---- Recorded information

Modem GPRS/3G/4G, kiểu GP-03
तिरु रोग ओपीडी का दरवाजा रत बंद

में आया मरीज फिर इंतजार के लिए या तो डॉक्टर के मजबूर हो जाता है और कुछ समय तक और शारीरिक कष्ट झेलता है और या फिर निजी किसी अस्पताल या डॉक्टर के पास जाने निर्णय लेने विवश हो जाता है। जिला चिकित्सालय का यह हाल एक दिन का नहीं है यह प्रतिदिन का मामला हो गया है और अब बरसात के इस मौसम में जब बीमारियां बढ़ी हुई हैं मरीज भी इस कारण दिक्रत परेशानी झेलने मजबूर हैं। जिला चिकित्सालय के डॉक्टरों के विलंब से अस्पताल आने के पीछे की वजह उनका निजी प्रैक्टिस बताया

--------
---- Recorded information

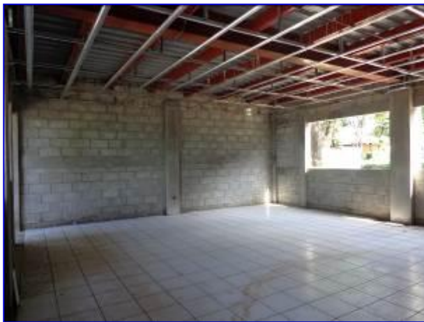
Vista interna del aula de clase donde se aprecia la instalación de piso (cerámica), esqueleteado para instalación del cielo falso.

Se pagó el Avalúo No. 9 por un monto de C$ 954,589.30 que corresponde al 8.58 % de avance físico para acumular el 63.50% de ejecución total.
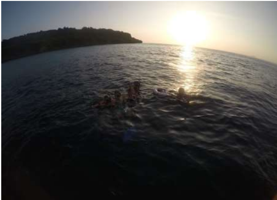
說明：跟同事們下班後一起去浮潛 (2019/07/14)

--------
---- Recorded information

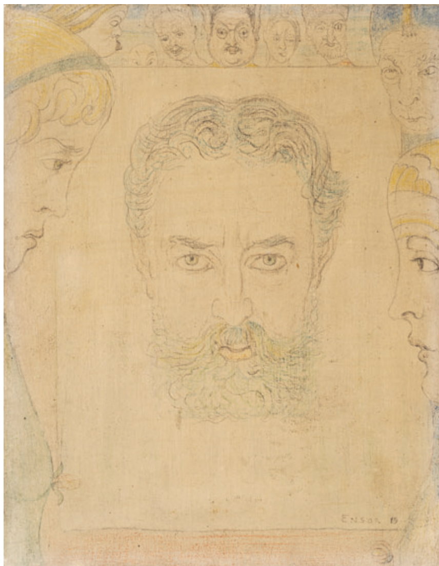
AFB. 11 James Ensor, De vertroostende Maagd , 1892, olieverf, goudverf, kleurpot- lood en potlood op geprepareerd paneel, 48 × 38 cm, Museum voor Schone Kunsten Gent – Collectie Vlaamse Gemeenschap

--------

About this exercise: How many lines of the entries include the string "para"? Answer with a number and no other words.

Response to the exercise: 2